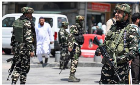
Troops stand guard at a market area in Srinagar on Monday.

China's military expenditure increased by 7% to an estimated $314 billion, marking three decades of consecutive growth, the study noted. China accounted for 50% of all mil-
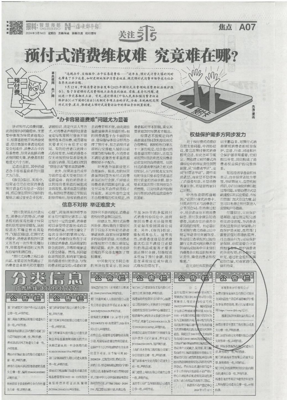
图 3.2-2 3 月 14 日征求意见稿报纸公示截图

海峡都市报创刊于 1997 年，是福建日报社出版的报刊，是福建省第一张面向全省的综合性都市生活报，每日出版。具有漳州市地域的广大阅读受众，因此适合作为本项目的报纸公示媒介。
==
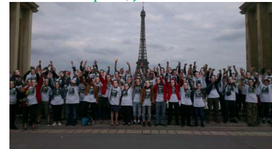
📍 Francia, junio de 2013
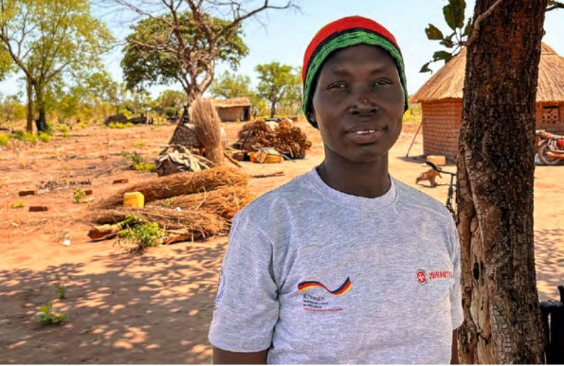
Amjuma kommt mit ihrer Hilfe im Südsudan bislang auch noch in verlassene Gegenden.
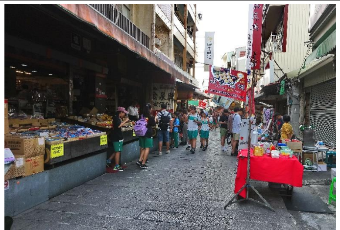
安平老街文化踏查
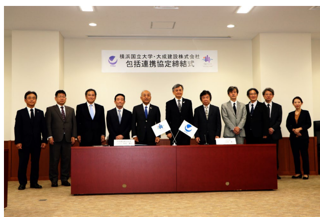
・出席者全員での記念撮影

» Exercise directions:
Starting at the line above that has "Troops stand guard" and ending at the line that has "图 3.2-2 3 月 14 日征求意见稿报纸公示截图", copy each line exactly, leaving the pictures out and adding nothing.

» Response:
Troops stand guard at a market area in Srinagar on Monday.

China's military expenditure increased by 7% to an estimated $314 billion, marking three decades of consecutive growth, the study noted. China accounted for 50% of all mil-
图 3.2-2 3 月 14 日征求意见稿报纸公示截图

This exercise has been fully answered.